Rookie shortstop Dee Gordon’s chances of staying with the Dodgers are looking pretty slim

By major league standards, Dee Gordon is a little small.

The Dodgers’ slender 23-year-old shortstop is of about average height at 5 feet 11, but sitting next to Aaron Miles in the locker room, Gordon’s arms look like twigs to Miles’ tree branches.

However, Gordon’s stature issues may cease to exist as of Sunday — not because he plans to add to his 150-pound frame, but because he may no longer be a major leaguer.

Before the Dodgers’ game Friday night against the Angels, Manager Don Mattingly said that Rafael Furcal is tentatively scheduled to come off the disabled list before Sunday’s game. That probably means Gordon is headed back to the minors.


“We’ll make that decision on Sunday,” Mattingly said about what Furcal’s return could mean for Gordon. “It is a decision we will make when we have to make it. [General Manager] Ned [Colletti] and I haven’t really even talked about it at this point.”

And Gordon isn’t talking about it either.

“That’s got nothing to do with me,” he said of Furcal’s reinstatement. “I’ve just got to play right now.”

When Gordon was called up June 6 to replace Furcal, he had no trouble living up to management’s lofty expectations. In his first game, the speedy shortstop went three for five, and he continued to hit, batting .302 over his first 10 games.


But after starting hot, Gordon has struggled. Hitting in the No. 9 spot Friday, Gordon singled to right in the second inning of the Dodgers’ 5-0 victory, but his one-for-five night brought his average up to only .138 in his last 10 games.

“Growing pains are natural for everybody, no matter how many years you have,” veteran utility infielder Jamey Carroll said. “You’re going to have ups and downs and you’ve got to make adjustments regardless of how many at-bats you have in the big leagues. It’s about how you handle it, and it seems like he’s been doing a pretty good job.”

Gordon walks and talks like a veteran, though he’s been a Dodger for less than a month. He seems to have a sense of perspective about his slump.

“It’s 20 games,” he said. “I’m trying to play for 20 years. You’re going to go up and down.”

Mattingly said he hasn’t lost faith in Gordon.

“Dee’s OK,” the manager said. “I thought he swung the bat pretty good in Minnesota [earlier this week]. He just went through a stretch where they pitched him a certain way.”

Gordon’s flashes of brilliance had caused Mattingly to consider moving Furcal to second base to keep the rookie at shortstop. But Mattingly said Friday that the idea has been shelved “for now.”

If the Dodgers go with Furcal over Gordon, the team will lose one of its fastest players. Gordon’s speed has served as a useful weapon for an offense that generally lacks them.


Friday night, for example, Gordon generated the Dodgers’ fifth run essentially on his own.
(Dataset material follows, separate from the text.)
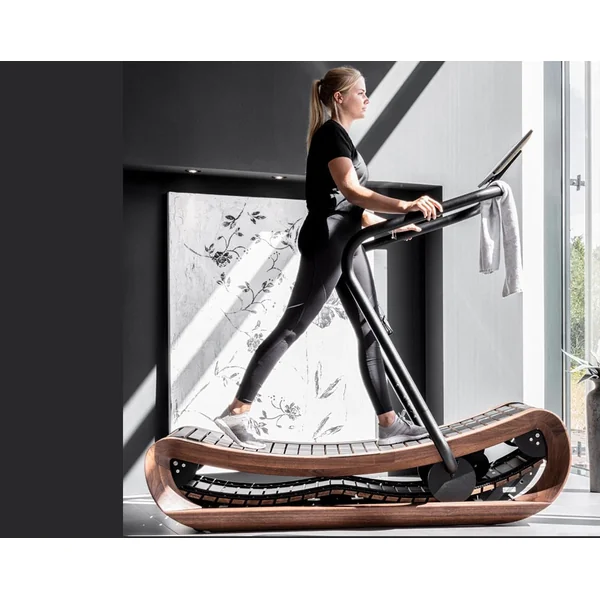 The curved manual treadmill offers users all advantages of a self-determined running or cardio workout: the belt, consisting of flexible wooden slats and precision ball bearing engineering is exclusively powered by the user’s legs. The Sprintbok knows no speed limits nor does it require settings. Infinitely variable from a comfortable walk to an all-out sprint, runners can fully determine their pace according to their personal running capacity.

He reached on a fielder’s choice, stole second, took third on a pickoff attempt at first, and finally stole home while Tony Gwynn Jr. was caught in a rundown. It was the first steal of home by a Dodger since 2004.

“He’s a fun kid to play with, really upbeat, has a lot of talent, so he’s exciting to watch play,” Carroll said.

Said Gordon: “Everything’s been great. I’ve got great teammates. I’m in a great organization. You can’t have anything better.”